[Start of section]

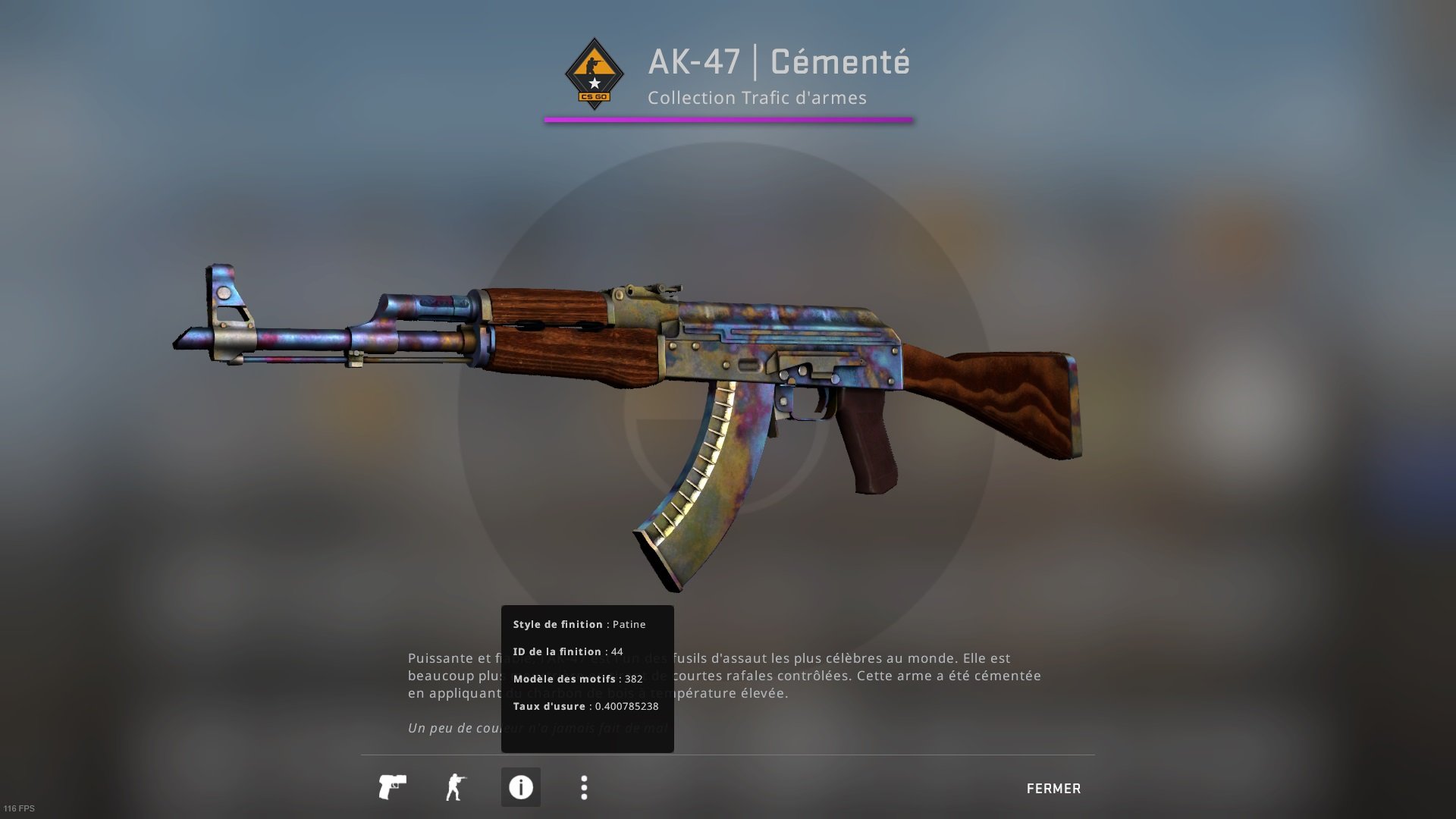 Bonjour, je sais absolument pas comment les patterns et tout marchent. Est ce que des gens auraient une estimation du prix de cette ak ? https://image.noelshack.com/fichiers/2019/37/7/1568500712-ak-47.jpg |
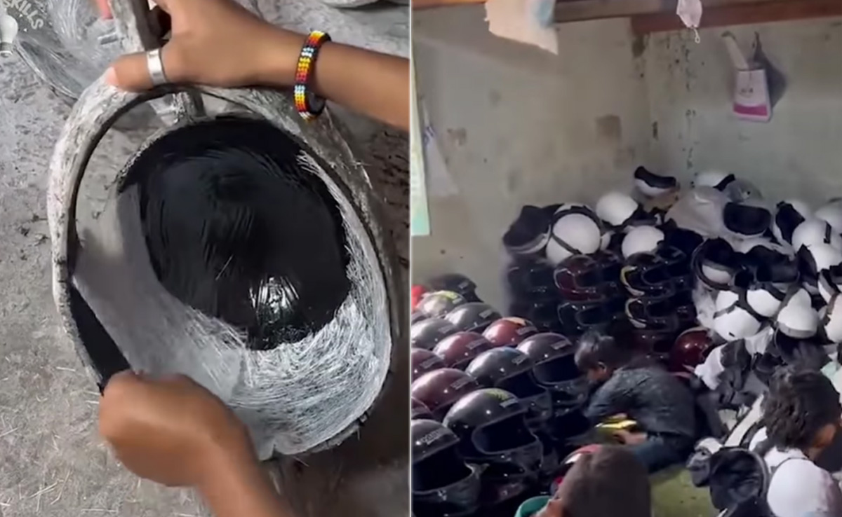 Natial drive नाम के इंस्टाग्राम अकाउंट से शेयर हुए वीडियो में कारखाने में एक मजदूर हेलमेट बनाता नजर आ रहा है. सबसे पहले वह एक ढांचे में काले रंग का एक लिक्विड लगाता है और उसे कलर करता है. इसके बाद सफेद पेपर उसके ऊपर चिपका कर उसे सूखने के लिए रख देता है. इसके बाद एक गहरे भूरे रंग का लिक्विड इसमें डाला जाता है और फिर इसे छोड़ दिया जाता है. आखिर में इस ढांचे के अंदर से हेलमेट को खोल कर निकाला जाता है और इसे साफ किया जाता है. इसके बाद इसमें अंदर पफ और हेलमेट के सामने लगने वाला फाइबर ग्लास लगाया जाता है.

[End of section]
[Start of section]

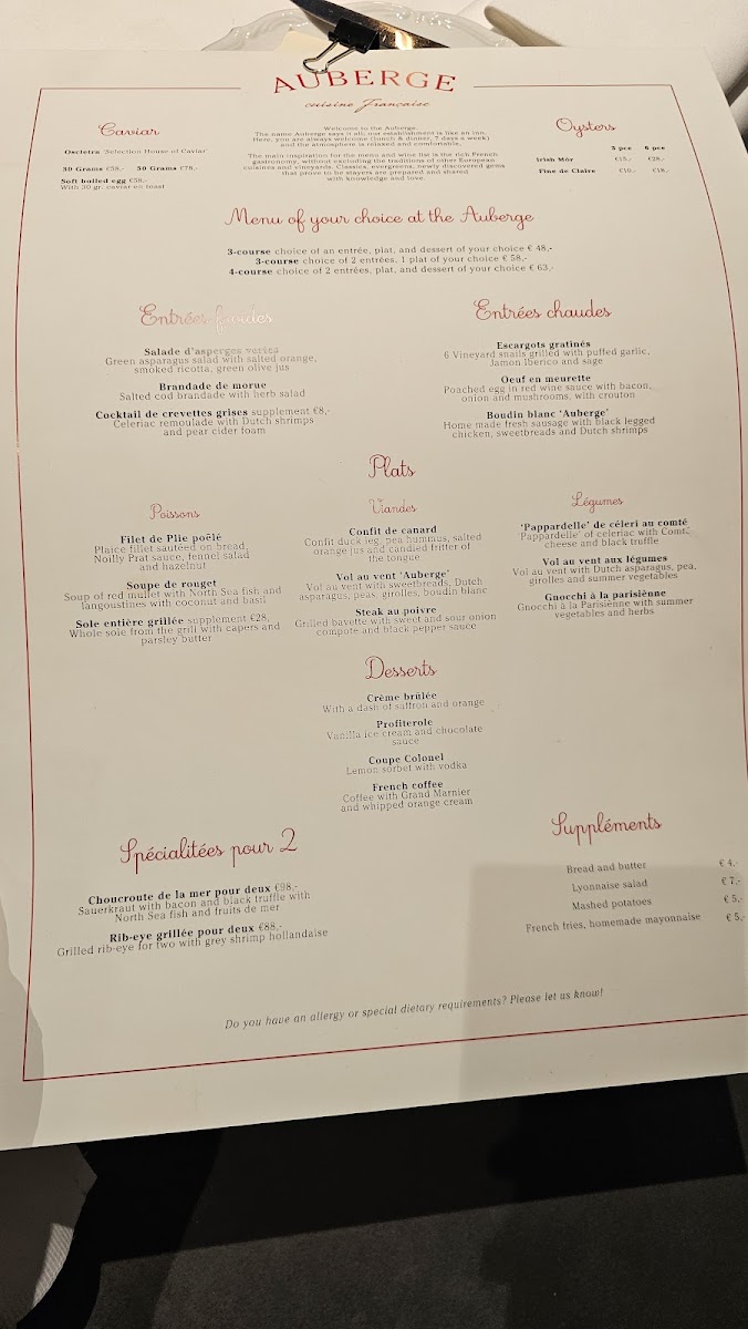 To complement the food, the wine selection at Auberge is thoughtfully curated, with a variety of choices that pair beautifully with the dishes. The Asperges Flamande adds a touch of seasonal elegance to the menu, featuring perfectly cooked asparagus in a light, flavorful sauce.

[End of section]

[Task statement]: Quote word for word only the lines above from the one containing "Bonjour, je sais" through the one containing "Natial drive नाम". Pictures stay out of your copy.

[Expected output]:
 Bonjour, je sais absolument pas comment les patterns et tout marchent. Est ce que des gens auraient une estimation du prix de cette ak ? https://image.noelshack.com/fichiers/2019/37/7/1568500712-ak-47.jpg |
 Natial drive नाम के इंस्टाग्राम अकाउंट से शेयर हुए वीडियो में कारखाने में एक मजदूर हेलमेट बनाता नजर आ रहा है. सबसे पहले वह एक ढांचे में काले रंग का एक लिक्विड लगाता है और उसे कलर करता है. इसके बाद सफेद पेपर उसके ऊपर चिपका कर उसे सूखने के लिए रख देता है. इसके बाद एक गहरे भूरे रंग का लिक्विड इसमें डाला जाता है और फिर इसे छोड़ दिया जाता है. आखिर में इस ढांचे के अंदर से हेलमेट को खोल कर निकाला जाता है और इसे साफ किया जाता है. इसके बाद इसमें अंदर पफ और हेलमेट के सामने लगने वाला फाइबर ग्लास लगाया जाता है.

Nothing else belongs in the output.